Talking to Computing at the Telefonica-sponsored Campus Party in London earlier this month, she was quick to dispel any confusion, confirming that “roaming will go”. Kroes said that she is currently finalising a proposal to this effect that will come into force in 2016, adding that there has been no backtracking, nor will there be any in the future.
Kroes was keen to clear up another “misunderstanding”: the idea that she is using her position in the European Commission to promote “restrictive” cloud computing policies.

The head of the government’s G-Cloud initiative, Denise McDonagh, is worried that a Commission-certified cloud service, which is what Kroes wants, may prevent smaller companies from taking part in governmental cloud projects.

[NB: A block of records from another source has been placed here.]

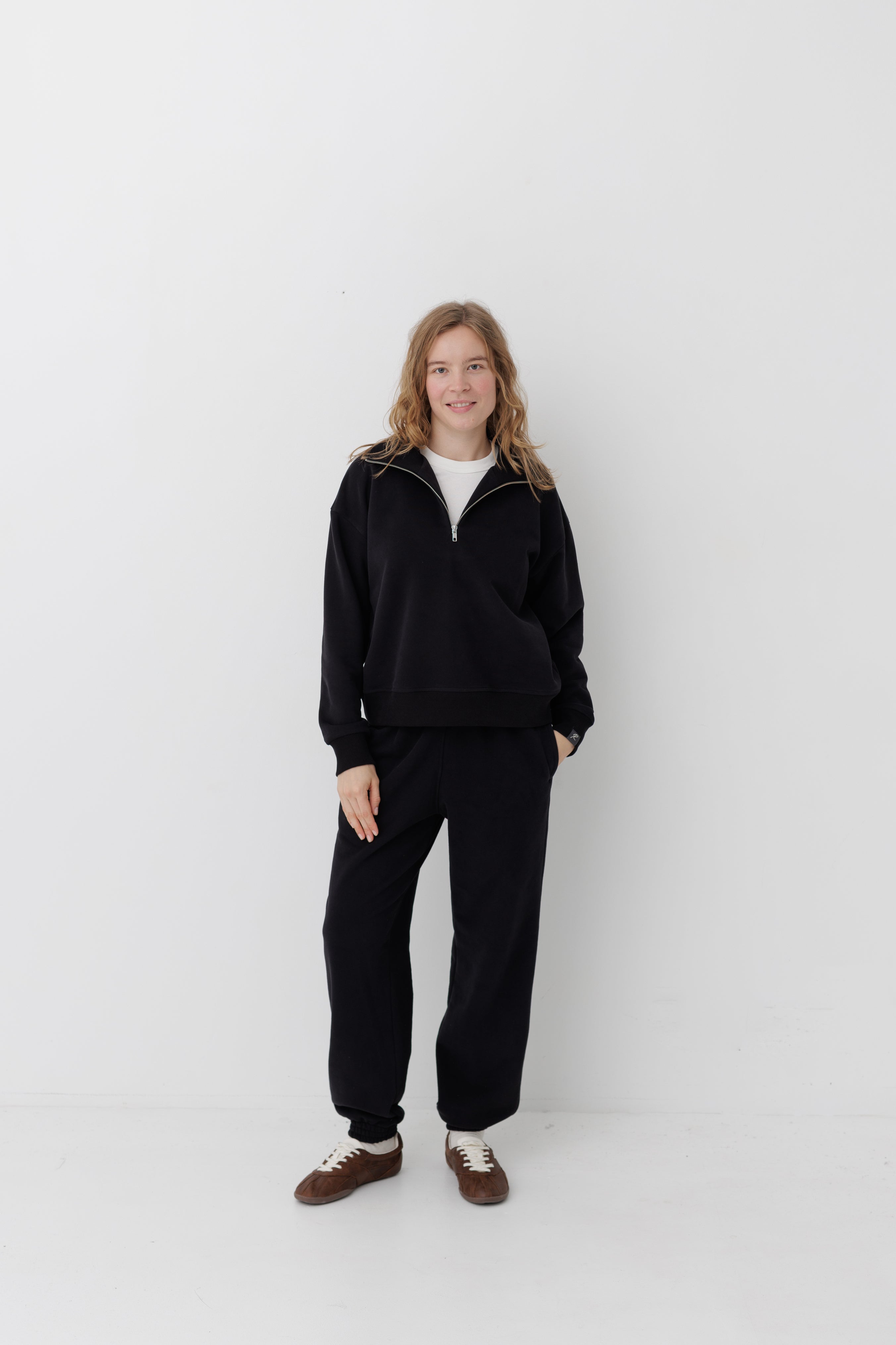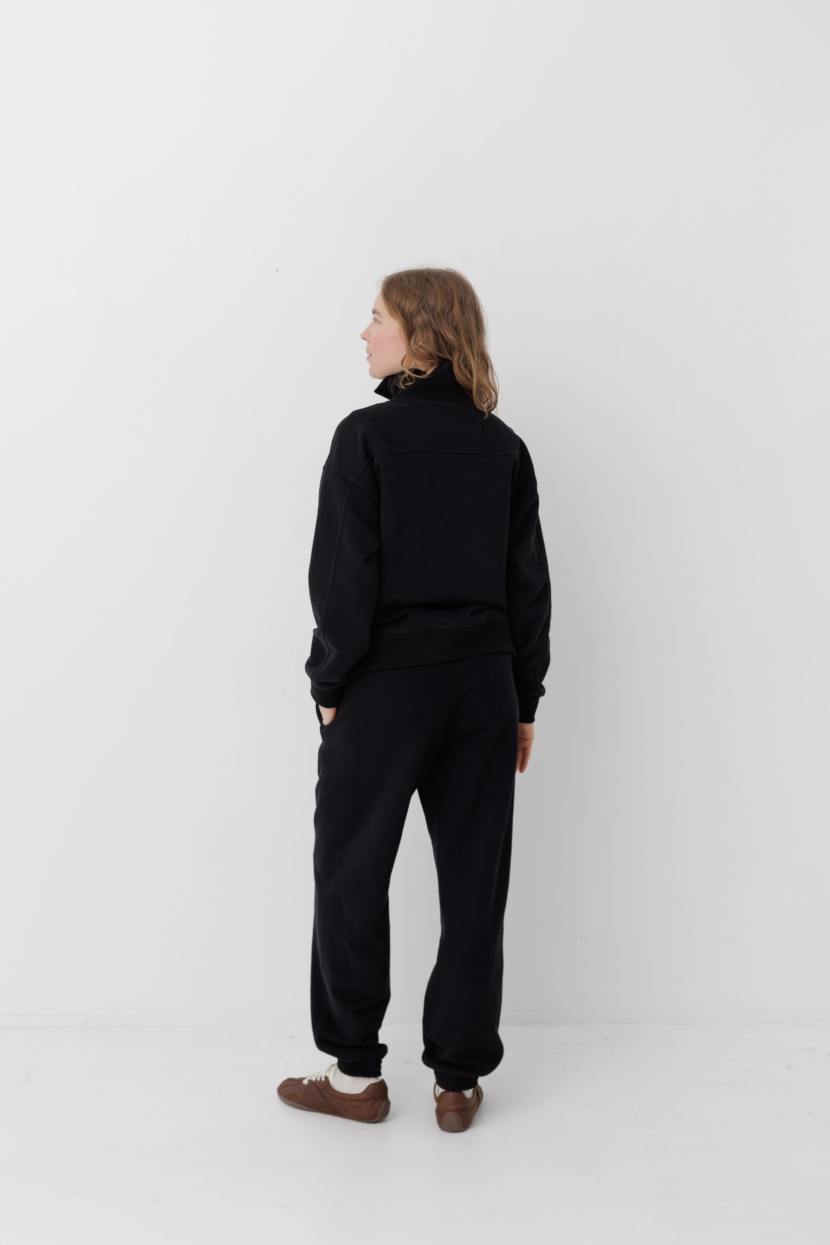 Світшот має вільну посадку, спущену лінію плеча та довжину до стегон. Комір, манжети та планка виконані з еластичного рубчику.
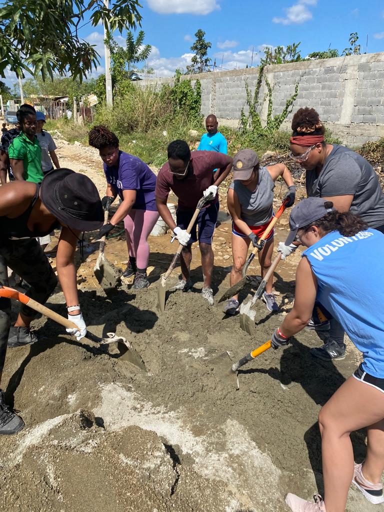 Rush students work together with Villa Verde, Dominican Republic, community members to mix and lay cement on the floor of five local homes in a flood prone area. Studies show replacing dirt floors with cement improves physical health, cognitive function, and mental well-being.
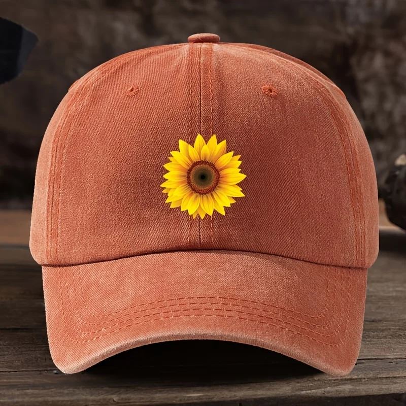 Fashionable Sunflower Flower Printed Baseball Hat Versatile Outdoor Leisure Fishing Sunshade Duck Tongue Hat Travel
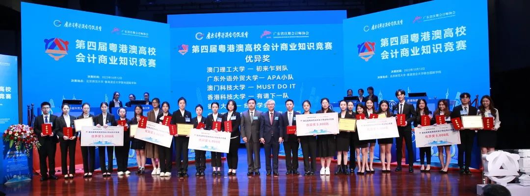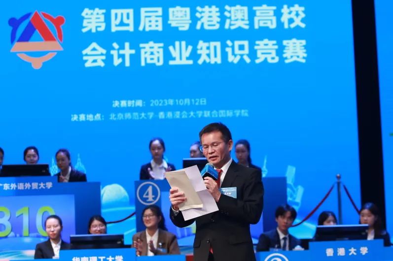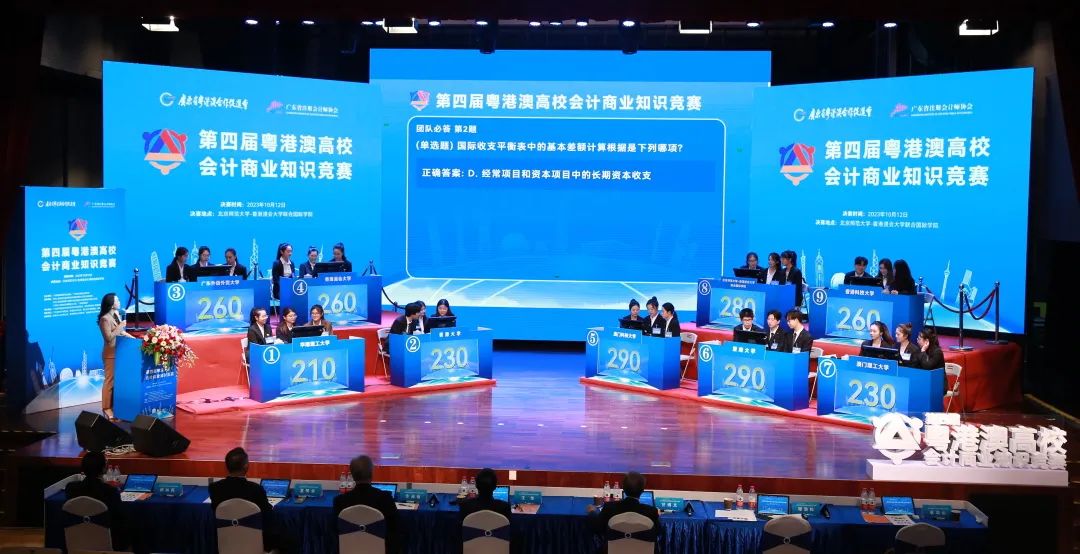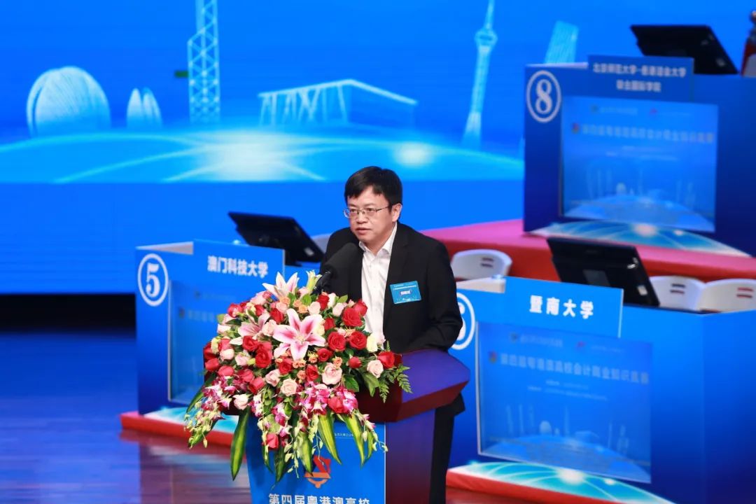 10月12日,由广东省粤港澳合作促进会和广东省注册会计师协会主办的“第四届粤港澳高?;峒粕桃抵毒喝本鋈谥楹J斜本┦Ψ洞笱?香港浸会大学联合国际学院成功举办。香港中联办行政财务部副部长郑勇男、广东省人民政府港澳事务办公室副主任龙广艳、广东省财政厅副厅长胡建斌、广东省审计厅二级巡视员罗洁玲、广东省粤港澳合作促进会执行会长林迪夫、澳门特区政府财政局局长容光亮、香港特区政府驻粤经济贸易办事处副主任白梅霞,以及中国审计署、澳门中联办、珠海市财政局、大湾区有关地市港澳局等单位代表,粤港澳三地会计界有关协会、专业人士、专家学者、师生代表等200多人出席决赛现场。

“It’s not fair to say that,” Kroes said, adding that it’s not just big businesses, but SMEs too that are “coming round the table” in discussions about a European cloud, and there “is no way” any type of company will be favoured above another.
For one so often accused of changing her mind, Kroes is refreshingly keen on transparency these days. “What we propose in the cloud strategy is to clarify what’s at stake,” she says.

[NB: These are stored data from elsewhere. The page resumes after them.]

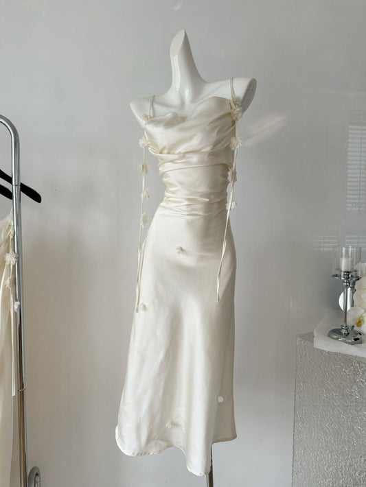 Cute A line Spaghetti Straps Champagne Floral Long Satin Summer Dress For Women DP0009
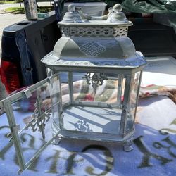 This is a beautiful vintage-style metal and glass lantern with a distressed finish, perfect for adding a touch of shabby-chic or farmhouse style to an$10Shoreline, WA
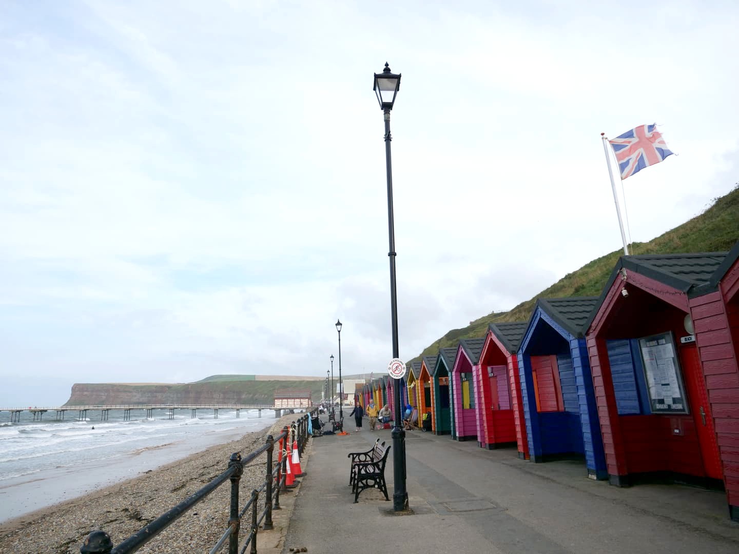 Après Whitby, nous avons continué à longer la côte jusqu’au petit village de Staithes. Ce petit village de pêcheurs est l’un des plus pittoresques du Yorkshire. J’avais prévu d’y faire un arrêt notamment pour aller prendre un petit quatre-heure à la Dotty’s Vintage Tearoom, mais à l’arrivée, nous nous sommes rendus compte que nous étions tombés durant un weekend de fête. C’était bondé partout !
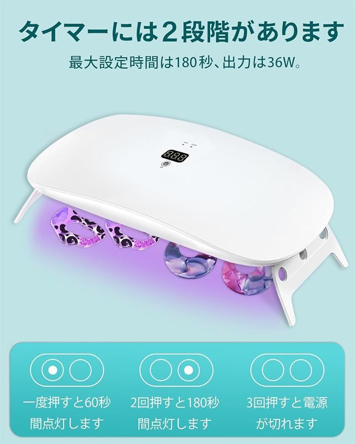 UVライト レジン用 硬化ライト 36W LEDネイルライト 折りたたみ式 ジェルネイル UVレジンライト UVランプ 樹脂硬化用 UVレジンキット ジュエリー作り DIY クラフト
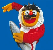 In Muppets Haunted Mansion, he is seen wearing an arrow headband in the party while one of his fish, Alberta, is dressed as him. He also plays one of Constance Hatchaway's husbands. His costume matches that of Reginald Caine, the fourth husband in the attraction.
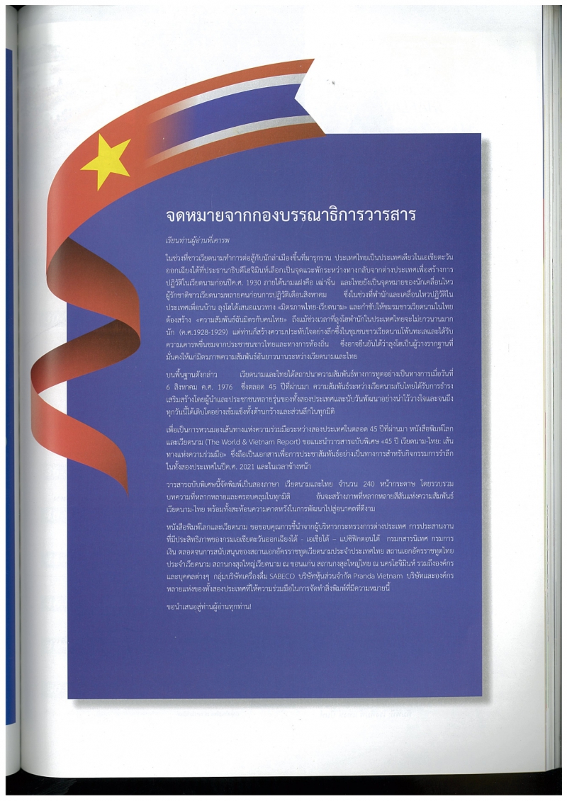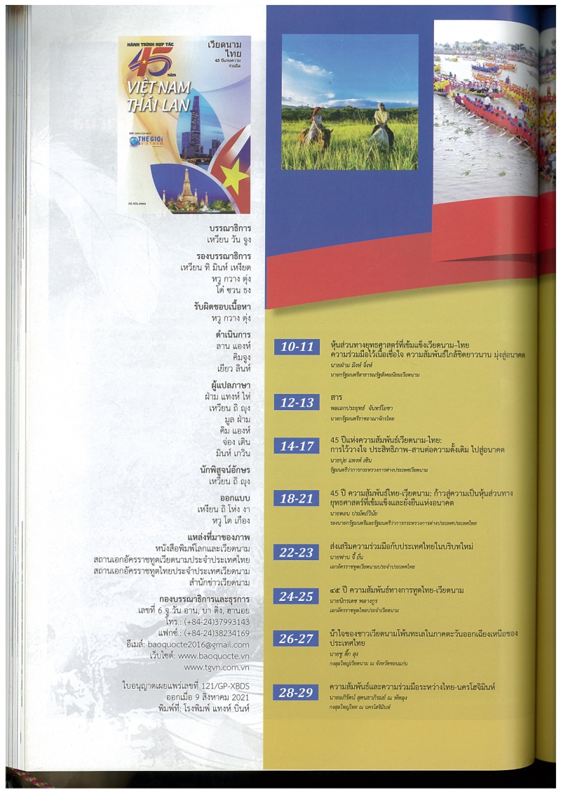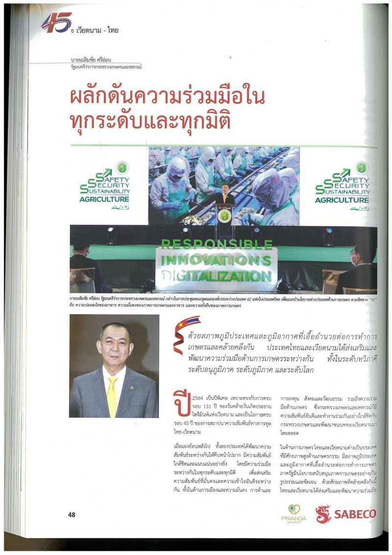 ดร.เฉลิมชัย ศรีอ่อน รัฐมนตรีว่าการกระทรวงเกษตรและสหกรณ์ กล่าวในบทความ “ผลักดันความร่วมมือระหว่างไทย-เวียดนาม ในทุกระดับและทุกมิติ” ในหน้าที่ 46 – 47 ซึ่งตีพิมพ์ลงในวารสาร “The World & Vietnam Report” ใน special edition titled "Forty-five years of Vietnam-Thailand relations (1976-2021)” เพื่อฉลองครบรอบ 45 ปี การสถาปนาความสัมพันธ์ทางการทูตระหว่างไทยและเวียดนาม ซึ่งกระทรวงเกษตรและสหกรณ์ของไทย มีความสัมพันธ์อันดีและทำงานร่วมกันอย่างใกล้ชิดกับกระทรวงเกษตรและพัฒนาชนบทของเวียดนามมาโดยตลอด

Kroes’s plan is to have cloud and telecoms protected and watched by a single regulator, in order to help allay security and privacy fears.
She professes concern about public clouds in the wake of recent government snooping scandals involving both public and private internet services.

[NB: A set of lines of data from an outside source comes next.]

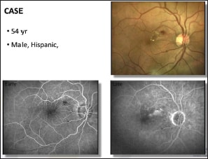 Dr. Freund showed a couple of examples next, beginning with a case of type 1 neovascularization in CSC masquerading as neovascular AMD (Figure 8), followed by a case of a myopic woman in whom a lesion was visible on OCT. In this case, while fluorescein angiography showed only occult CNV, indocyanine green angiography clarified that she had polyp (Figure 9).
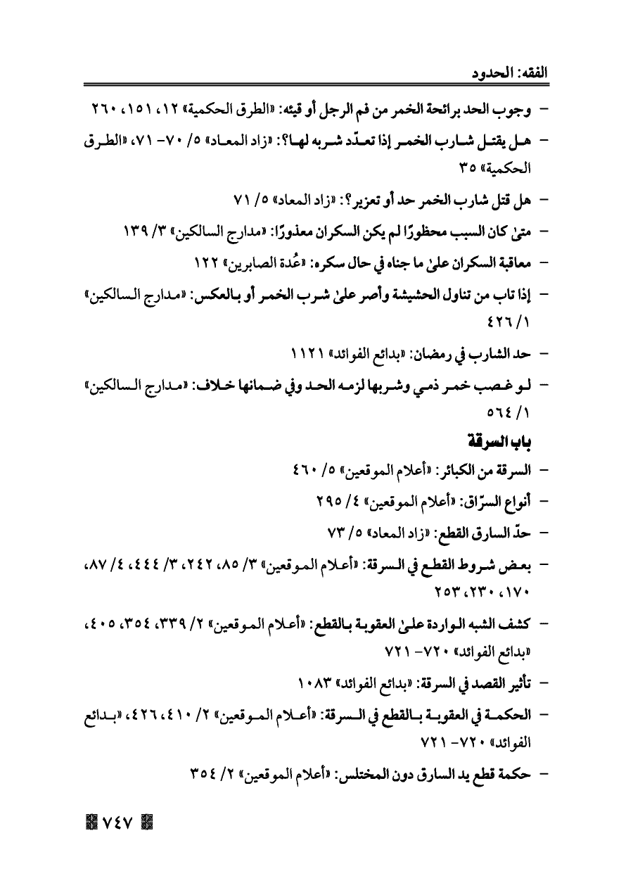 - بعض شروط القطع في السرقة: «أعلام الموقعين» ٣/ ٨٥، ٢٤٢، ٣/ ٤٤٤، ٤/ ٨٧، ١٧٠، ٢٣٠، ٢٥٣
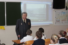 Классный час. Встреча с ветераном Великой Отечественной войны полковником Иванов ым Василием Арсентьевичем. Участник Сталинградской битвы, Курской дуги, форсирование Днепра.
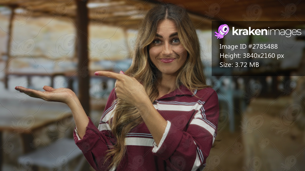 Young blonde woman showing open palm and pointing finger with smiling face in outdoor cafe; invitation welcome.

“For me, that was a wake-up call,” said Kroes. “It is naive to think that we weren’t aware that something was happening. Of course it was. We now have to act.

A European cloud has to be more secure, otherwise how can we say ‘Yes, you should go with this for your business’?”
But given all the lurid revelations around the NSA’s Prism programme and similar eavesdropping practices at the UK’s GCHQ spy centre, it is highly unlikely that a few words of reassurance from the likes of Kroes will engender trust in the integrity of the EC’s cloud plans.
Indeed what Kroes went on to say will only heighten concerns around data privacy in the cloud, for she argued that on the internet, some information just cannot be protected.
“Never trust somebody if you really have something to lose; be aware that life is more open and transparent – you need to be aware,” said Kroes.
“Kids are vulnerable when they are not aware that when they go online certain information will show. I think we are taking risks and shouldn’t allow it – if you’re not mentioning how transparent it is to go online.
“I’m always surprised by people who put all their information on Facebook pages – things I wouldn’t even mention– and then start talking about needing privacy,” Kroes continued.
But would she advocate the use of fake names or other anonymising methods?
“No! I’m not using fake names, and I’m on social media, but there are certain issues: for me, the most important thing is to know what you’re doing,” Kroes said.
Asked whether she believes governments should be allowed unchallenged access to private data, Kroes said: “That is an interesting discussion, and in general I would say no. [But] if you want your government to take care of your security, then they’ll have certain requirements in order to achieve that.”
Kroes believes this is a bargain that has to involve a level of trust that the government isn’t using the need to maintain security as an excuse to abuse its power.

Unfortunately, this trust has now been undermined by the Prism revelations and similar scandals, she said.
With the US government and its partners playing fast and loose with the data privacy rights of innocent citizens, it’s hard to imagine a tougher time to promote a public sector-administered cloud network. But Kroes remains passionate about the need for a European cloud, and can only be hoping that the spooks of the NSA and GCHQ haven’t got anything else up their sleeves that will make her task even harder.